■ **WHAT THE TASK ASKS**:
Your answer should be each line of the entries that contains the word "quick", copied in full.

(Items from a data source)
******************************

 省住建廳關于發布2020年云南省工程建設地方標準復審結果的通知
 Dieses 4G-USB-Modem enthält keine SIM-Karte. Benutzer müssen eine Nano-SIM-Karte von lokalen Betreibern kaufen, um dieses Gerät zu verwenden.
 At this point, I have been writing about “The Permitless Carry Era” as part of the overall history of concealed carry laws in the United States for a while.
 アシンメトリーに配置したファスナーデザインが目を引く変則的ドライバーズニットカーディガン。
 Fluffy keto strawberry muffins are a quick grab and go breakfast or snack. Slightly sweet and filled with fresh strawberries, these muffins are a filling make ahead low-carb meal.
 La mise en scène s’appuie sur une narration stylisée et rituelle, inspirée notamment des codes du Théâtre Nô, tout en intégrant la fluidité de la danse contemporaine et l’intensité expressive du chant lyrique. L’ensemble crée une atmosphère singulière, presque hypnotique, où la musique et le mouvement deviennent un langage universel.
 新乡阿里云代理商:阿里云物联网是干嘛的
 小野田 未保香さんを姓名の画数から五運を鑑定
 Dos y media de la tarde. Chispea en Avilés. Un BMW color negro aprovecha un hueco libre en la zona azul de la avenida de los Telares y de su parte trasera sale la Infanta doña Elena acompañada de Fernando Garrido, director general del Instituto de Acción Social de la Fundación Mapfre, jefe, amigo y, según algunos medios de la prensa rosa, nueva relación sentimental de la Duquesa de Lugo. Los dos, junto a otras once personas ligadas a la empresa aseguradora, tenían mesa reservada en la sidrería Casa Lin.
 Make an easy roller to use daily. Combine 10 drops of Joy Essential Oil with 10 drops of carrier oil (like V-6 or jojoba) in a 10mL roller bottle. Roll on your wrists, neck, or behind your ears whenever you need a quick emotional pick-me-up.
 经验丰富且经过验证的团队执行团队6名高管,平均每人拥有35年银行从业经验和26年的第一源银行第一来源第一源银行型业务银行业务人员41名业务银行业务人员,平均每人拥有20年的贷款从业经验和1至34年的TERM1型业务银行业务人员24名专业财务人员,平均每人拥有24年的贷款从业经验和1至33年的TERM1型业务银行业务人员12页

******************************

■ **SOLUTION TO THE EXERCISE**:
 Fluffy keto strawberry muffins are a quick grab and go breakfast or snack. Slightly sweet and filled with fresh strawberries, these muffins are a filling make ahead low-carb meal.
 Make an easy roller to use daily. Combine 10 drops of Joy Essential Oil with 10 drops of carrier oil (like V-6 or jojoba) in a 10mL roller bottle. Roll on your wrists, neck, or behind your ears whenever you need a quick emotional pick-me-up.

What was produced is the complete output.